Near the end of the book the author poses the most pressing questions that remain unanswered to this day by the FBI. Among those questions relates one regarding US citizenship that the elder Tsarnaev was so desperate to achieve. He was a boxer who trained and won several titles. He wanted to compete at higher levels but could not for the US team, due to not being a citizen. Two separate incidents are recounted where Tsarnaev was summoned to take the citizenship oath, only to have it pushed back. The author makes the point several times that this could have been the turning point that drove him away and into the arms of the jihad. This is no way makes anything these terrorists did okay, let me be very clear. But the FBI has some questions to answer on what transpired, though I think we all know we will never get those answers.

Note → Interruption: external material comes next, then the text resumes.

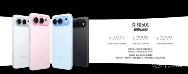 荣耀500标准版:12GB+256GB、12GB+512GB和16GB+512GB版本售价分别为2699元、2999元和3299元。

In the synopsis provided by goodreads, a triple homicide was mentioned. There are many signs that point to Tamerlan Tsarnaev and a friend who was subsequently killed by the FBI when they were taking a statement from him and he suddenly attacked the agent in his home, as being involved, and Tsarnaev himself being the perpetrator. Several who knew the victims pointed fingers his way, and yet he was never investigated and the case remains open to this day. It is speculated in the book that because Tsarnaev was an informant at the time for the FBI, he was shielded from being investigated despite all those who brought his name up. In the grand scheme of things I would not be surprised at the FBI looking the other way over these brutal murders of men who were felons and drug-dealers, men who were all but disowned by their own families, because the FBI had bigger fish to fry so to speak - and Tsarnaev was part of assisting in that frying.

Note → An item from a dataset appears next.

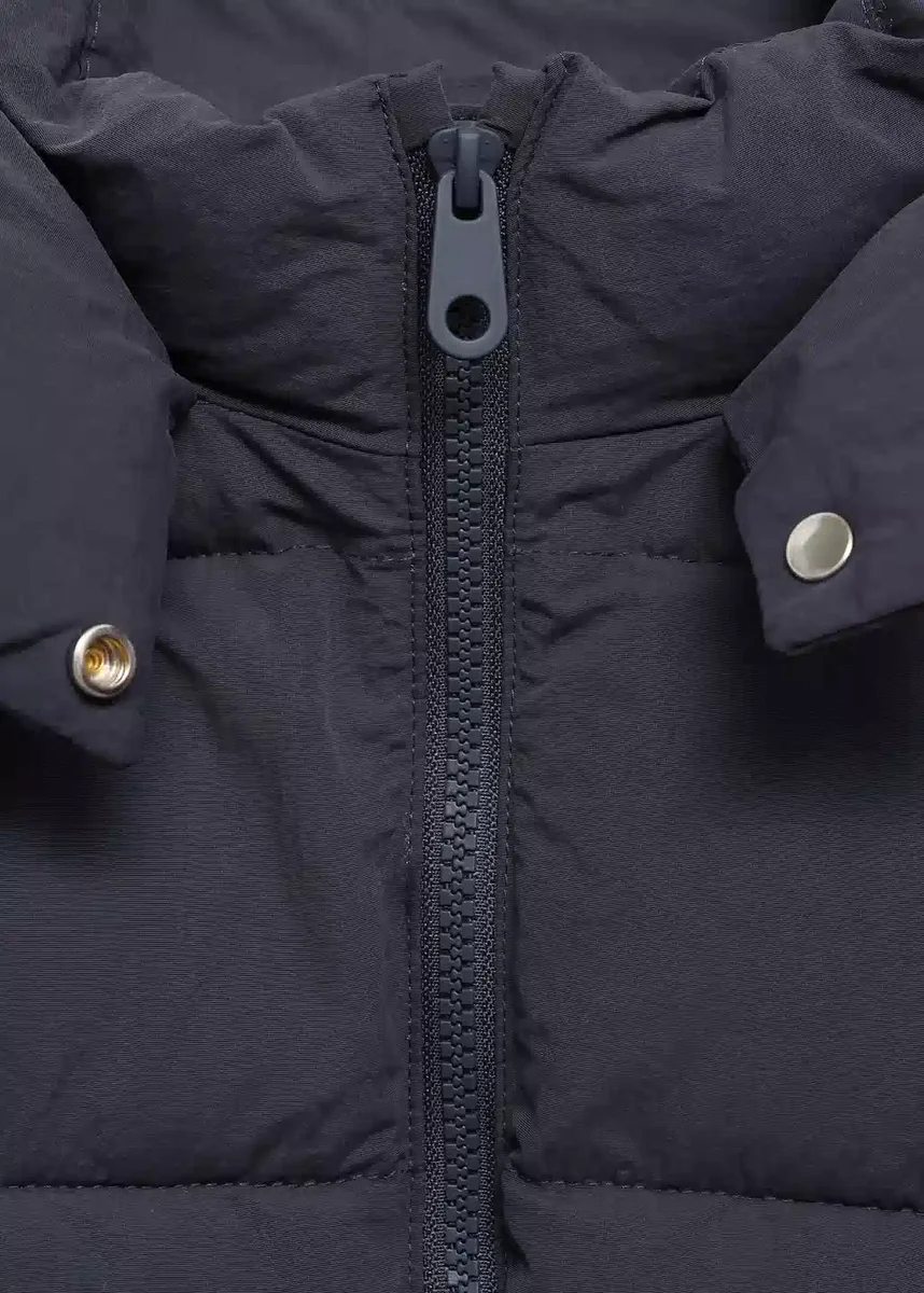 Tessuto trapuntato. Tessuto impermeabile. Design dritto. Con cappuccio. Maniche lunghe. Chiusura con cerniera. Due tasche laterali.

So, the most important question of the entire book comes from a survivor of the bombing, who asks the author, had Tamerlan Tsarnaev been investigated for the triple homicide, would the Boston Marathon bombing have happened?

Highly recommended.


  1. i know nothing but the basics about the bombing, this book sounds like the one to read to learn more. Thanks for sharing your thoughts

    1. It was really shocking to learn so much of this information. And it did not feel like a 'conspiracy theory' in any way, which I am usually wary of. I think the most telling thing is the FBI's refusal to answer any questions about the whole situation, and the oddities surround Tsarnaev's citizenship applications. The victim's families and the survivors deserve to know the truth, even if the public at large never gets it.

  2. My goodness, I don't know what I was doing in 2013 but somehow this incident made no impression on me. I completely agree that our government (and most others) keeps plenty from its citizens.

    1. Really?? I suppose I recall it more because of the connection I had to the event. But I definitely remember the manhunt for the brothers and how insane it all was. There is also talk of other accomplices, and where the bombs were actually made and such. it is a very interesting book.

  3. Thank you for this review, this book sounds really interesting - I’ve added it to my TBR. I don’t know much about the Boston Marathon bombing, but clearly need to learn more.

    1. I was very surprised about so much of the information presented in the book. The more I thought about it, I remember there being the big question of investigators not knowing where the bombs were made but it was also never really addressed much and the media seemed to be fine with not pursuing that aspect. I am not huge into conspiracy theories, but the author does not present the information that way, as so much of this is verifiable. Some of it, however, depends on how much truth there is to what some witnesses have said. If you get a chance to read it, I would love to know what you think!